Lexical units

Next: Lexical properties and lexical Up: Types of lexical information Previous: A simple sign model

Intuitively, the prototypic lexical unit is a word. This definition has a number of catches to it, however, because the notion of word is not as simple as it seems, and because lexical phrases (idioms ) also exist. The intuitive notion of word has ``fuzzy edges'', as in the following cases:

1.

Words may contain other words (e.g. compound words such as database, Sprachtechnologie).

2.

Words have different status in respect of their phonetic realisations and their meaning; compare the difference between function words, e.g. to, for with reduced pronunciations and structural meanings, and content words, e.g. word, spell, which refer to real world objects, properties, event types, abstract concepts.

3.

Words may be merged with other words in informal speech ( cliticisation). Examples of clitics are English 's in he's - /hi:z/, French l' in il l'a vu - /il la vy:/, German 'm in auf'm Tisch - /a

fm t

4.

Particular types of word formation such as spelling and acronym formation may require special attention: ecu - /i:k

ju:/, /i:si:

ju:/.

5.

Words may be inflected word forms , making sound (singular) and sounds (plural) into different words. On the other hand, words may be regarded as a class of inflectionally related forms (a paradigm), i.e. sound and sounds then belong to the same word, which may be characterised by a canonical inflected form (e.g. nominative singular), or by the stem shared by the forms and identified by linguistic analysis, or by a number or other abstract label. In speech technology, the inflected word form is the standard definition. In standard dictionaries, the paradigm definition of word is used, represented by a headword or lemma , generally the canonical inflectional form such as nominative singular, in orthographic representation.

6.

Lexical units may need to be larger than the word (e.g. phrasal idioms ).

7.

Lexical units may need to be smaller than the word: Semantically oriented morphological word subunits (word constituents) include

word stems minus inflections ; indivisible word stems are lexical morphemes);
constituent words words formed by compounding (composition);
constituent prefixes , stems and suffixes in words formed by derivation.

Pronunciation oriented phonological word subunits include syllables and their parts; phonological subunits do not necessarily correspond closely with morphological subunits.

8.

Linguistic textbooks distinguish between several different views of words as lexical units, depending on which kind of lexical sign information is regarded as primary:

The phonological word (based on its conformity to the phonotactic structure of a language).
The prosodic word , based on its conformity to the accentuation and the rhythm patterning of the language.
The orthographic word (for instance, as delimited by spaces or punctuation marks ).
The morphological word (based on the indivisibility and fixed internal structure of words).
The syntactic word (based on its distribution in sentences).

9.

The lexical word as a type, as opposed to an occurrence of the type in larger units, and a token of the type in a corpus of speech or writing.

The central meaning for the purpose of spoken language lexica will be taken to be the morphological word.

Lexical units (entries, items) are assigned sets of properties; these identify the lexical units as signs, and determine the organisation of the lexicon.

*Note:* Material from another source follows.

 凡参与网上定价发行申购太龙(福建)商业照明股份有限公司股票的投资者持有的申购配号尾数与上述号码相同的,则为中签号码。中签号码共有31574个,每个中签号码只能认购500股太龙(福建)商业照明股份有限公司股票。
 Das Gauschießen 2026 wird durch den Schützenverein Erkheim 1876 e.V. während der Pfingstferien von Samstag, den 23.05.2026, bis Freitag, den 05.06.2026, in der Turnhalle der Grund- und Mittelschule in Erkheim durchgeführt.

In practical contexts, the choice of lexical unit and the definition of priorities among its properties may be important for procedural reasons, i.e. in determining ways in which a lexicon may be most easily accessed: through orthography, pronunciation, meaning, syntactic properties, or via its morphological properties (stem, inflection ). The application-driven decision on the kind of lexical unit which is most suitable for a given purpose is a non-trivial one. However, for many practical purposes fairly straightforward guidelines can be given:

The form of a lexical item, in particular its orthography, is often used as the main identifying property for accessing the lexicon.
However, access on phonetic grounds, via the phonological form, is evidently the optimal procedure for speech recognition , and access on conceptual semantic or syntactic grounds is evidently the optimal procedure for speech synthesis.
The use of orthography as an intermediate stage in speech recognition is a useful and widespread heuristic which generally does not introduce significant numbers of artefacts into the mapping from speech signals to lexical items, but is not recommended for complex systems with large vocabularies, except as a means of visualisation in user interfaces.
For text-to-speech applications orthography is likely to be the optimal lexical access key.

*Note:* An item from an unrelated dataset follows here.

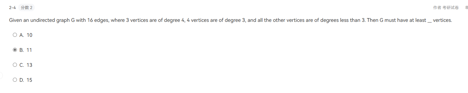 - 要保证含有10个顶点的无向图连通,所需要的最少边数是:

Fully inflected form lexica

It has already been noted that fully inflected form lexica and lexical databases are fairly standard for speech recognition. Where a small closed vocabulary is used, and new, unknown or ad hoc word formations are not required (as with most current applications in speech synthesis and recognition ), fully inflected word forms are listed. This procedure is most convenient in languages with very small inflectional paradigms; for languages of the agglutinative type, in which large numbers of inflectional endings are concatenated, the procedure rapidly becomes intractable. In other applications, too, such as speech synthesis, it may be more tractable to generate fully inflected word forms from stems and endings.

An example of a language with few inflections is English, where (except for a few pronouns) only nouns and verbs are inflected, and even here three forms exist for nouns (uninflected, genitive and plural) and four for verbs (uninflected, third person singular present, past, and present participle; irregular verbs in addition have a different past participle form - the verb to be is, as always, an extreme case). English is therefore not a good example for illustrating inflectional morphology (in other areas of morphology, i.e. in word formation, languages appear to be equally complex).

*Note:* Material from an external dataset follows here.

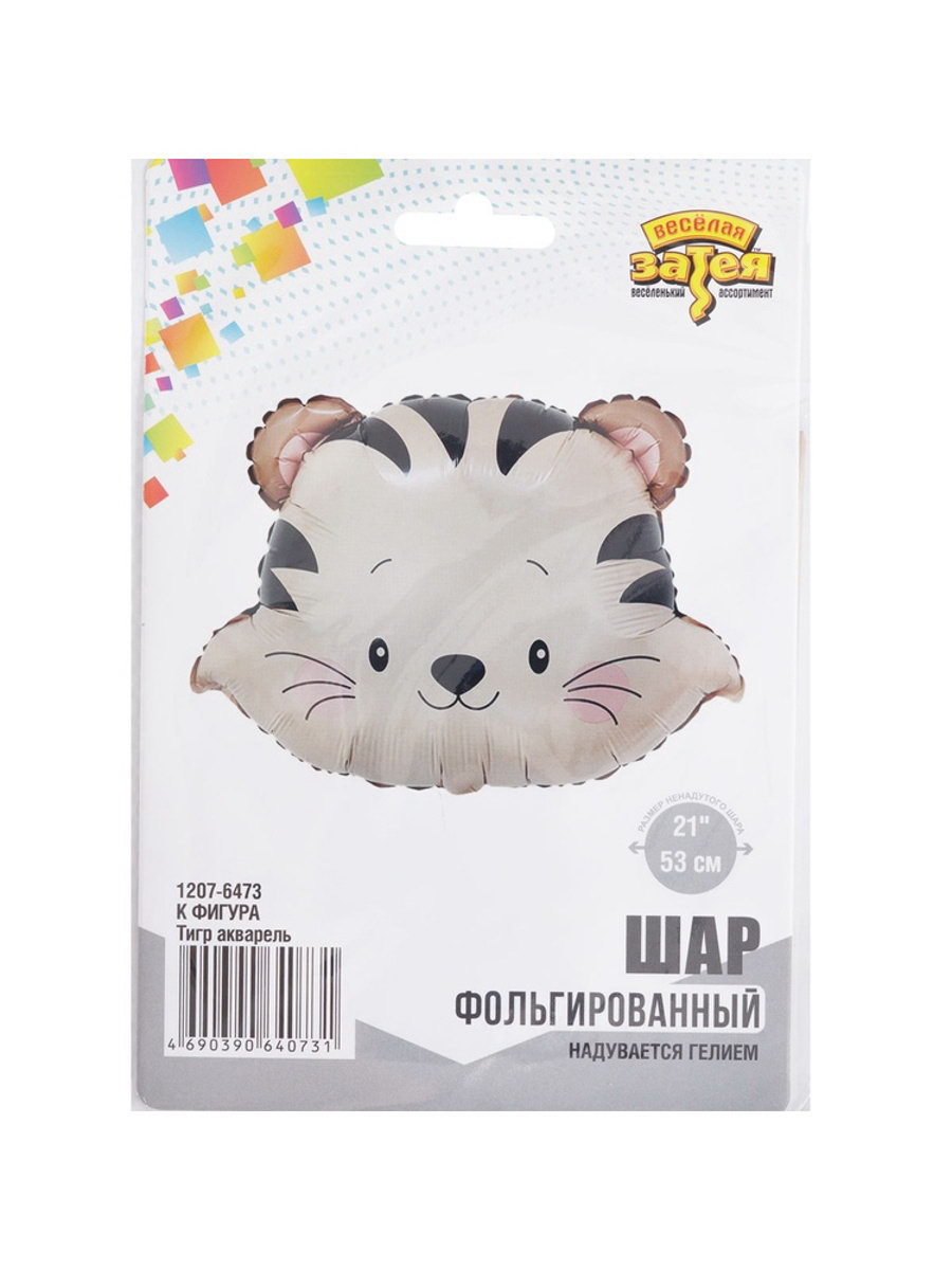 Воздушный шар фольгированный 21""Тигр", акварель, Весёлая Затея, Китай

French is much more complex, with inflections on adjectives, and large verb paradigms; note that orthographic inflection in French has more inflectional endings than are distinguished in phonological inflection.

German also has complex inflectional morphology, with significantly more endings on all articles, pronouns, nouns, adjectives and verbs, increasing the size of the vocabulary over the size of a stem -oriented lexicon by a factor of about 4.

In extremely highly inflecting languages such as Finnish, the number of endings and the length of sequences of endings multiply out to increase the vocabulary by a factor of over 1000. Special morphological techniques have been developed (e.g. two-level morphology ) to permit efficient calculation of inflected forms and to avoid a finite but unmanageable explosion of lexicon size for highly inflecting languages [Koskenniemi (1983), Karttunen (1983)]. These techniques have so far not been applied to any significant extent in speech technology [Althoff et al. (1996), but cf.,].

The figures cited refer only to the sets of forms. When the form-function mapping, i.e. the association of a given inflected form with a morphosyntactic category, is considered, the figures become much worse. A single inflected adjective form such as guten in German has 44 possible interpretations which are relevant for morphosyntactic agreement contexts [Gibbon (1995)], with 13 feminine readings, 17 masculine readings, and 14 neuter readings, depending on different cases (nominative, accusative, genitive and dative) and different determiner (article) categories (strong, weak and mixed). It is possible to reduce the size of these sets by means of default-logic abbreviations in a lexical database , but for efficient processing, they ultimately need to be multiplied out. Similar considerations apply to other word categories, and to other highly inflecting languages.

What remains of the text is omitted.